FIG. 2 illustrates an example beam pattern 200, at one example frequency, of the communication device 102. Typically, a beam pattern includes at least one main acoustical beam together with various acoustical nulls and side beams. The microphones capture sound signals passing through the beam pattern at varying attenuations based largely on the location and orientation of the acoustical nulls and the acoustical beams. The beam pattern of a microphone group or array varies depending on the calibration, type, and/or sensitivity of the microphones, among other factors. The beam pattern of a microphone group or array also varies over the range of the frequency domain. Therefore, it should be understood that the beam pattern of a given microphone group or array provides different patterns depending on the frequency considered.

The beam pattern 200 includes two main directional acoustical beams 204 and 206 and two side beams 208 and 210. The beam pattern also illustrates several directional acoustical nulls 212, 214, 216 and 218. In some instances, the directional acoustical nulls 212-218 are naturally occurring based on the microphones type, arrangement and calibration. In other instance, the directional acoustical nulls may be introduced to the microphone outputs signals using beamforming and audio processing techniques. For instance in the illustrated example, the microphone 108 of FIG. 1 is responsible for generating the side beam 208, which may only be capturing sound signals 124 and 128 (both of which are unwanted noise). The communication device 102 may then apply beamforming techniques to introduce an acoustical null in lieu of side beam 208. For example, the communication device 102 may add an signal representing the inverse of the output of the microphone 108 to the microphone outputs to form the acoustic null in place of the side beam 208. Thus, any sound captured by the side beam 208 is removed from the microphone outputs.

According to some implementations, the communication device 102 filters the microphone outputs into a plurality of frequency-specific sub-bands and independently analyzes each of the frequency-specific sub-bands to determine a direction of unwanted noise present within the microphone outputs. The communication device 102 further causes, for each frequency-specific sub-band, a frequency-specific directional acoustical null to form in substantially the direction of the strongest unwanted noise originating from a direction other than that of sound signal associated with a desired source.

Illustrative Systems

FIG. 3 illustrates an example of a system 300 including the communication device 102. Generally, the communication device 102 includes two or more microphones 304, analysis filter banks 306, multiple frequency-based beamformers 308, audio processing modules 310, a synthesis filter bank 312, and one or more communication interfaces 314.

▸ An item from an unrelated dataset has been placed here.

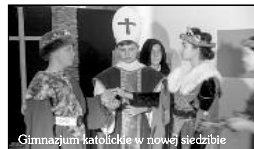
Gimnazjum katolickie w nowej siedzibie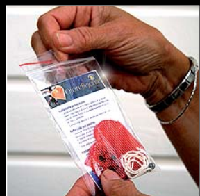
1. Abre la bolsita.

The microphones 304 may be a microphone array, a calibrated group of microphones, or multiple microphone arrays or calibrated groups. In general, the microphones 304 capture sound signals 316 passing through the acoustic environment. In some examples, microphones 304 may be incorporated with an analog-to-digital converter to convert the sound signal 306 into digital audio signals for processing.

Each of the analysis filter banks 306 is configured to receive microphone output signals representative of sound signals 306 captured by the microphones 304, such that there is a one to one correspondence between the analysis filter banks 306, microphone output signals and the microphones 304. The analysis filter banks 306 are configured to filter the microphone output signals into a plurality of frequency-specific sub-bands, such that individual audio processing may be performed on each sub-band. For example, one technique to filter the output signals includes using multiple band pass filters to generate the sub-bands.

As discussed above, each of the frequency-based beamformers 308 correspond to a particular frequency sub-band. Each of the frequency-based beamformers 308 is configured to receive a signal associated with that frequency sub-band from each of the analysis filter banks 306 and to analyze the audio captured within the frequency sub-band. During the analysis, each of the frequency-based beamformers 308 determine the presence of the strongest unwanted noise within the frequency sub-band and identifies a general direction of the source of the unwanted noise relative to the communication device 102. Upon determining the presence and direction, the respective frequency-based beamformer 308 steers a frequency-specific directional acoustic null in substantially that direction. For example, the frequency-based beamformer 308 may apply interface signals or delays to the signal associated with that frequency sub-band to form an acoustic null within the corresponding sub-band.

The audio processing modules 310 are also configured to receive the plurality of frequency sub-bands. The audio processing modules 310 may perform various other audio processing techniques to the frequency sub-bands, such as applying noise cancellation algorithms, clipping, echo and feedback cancellation or compression. In another implementation, the audio processing modules 310 may be configured to pre-process the microphone outputs before the frequency-based beamformers 306 steer the directional acoustical nulls to attenuate unwanted noise.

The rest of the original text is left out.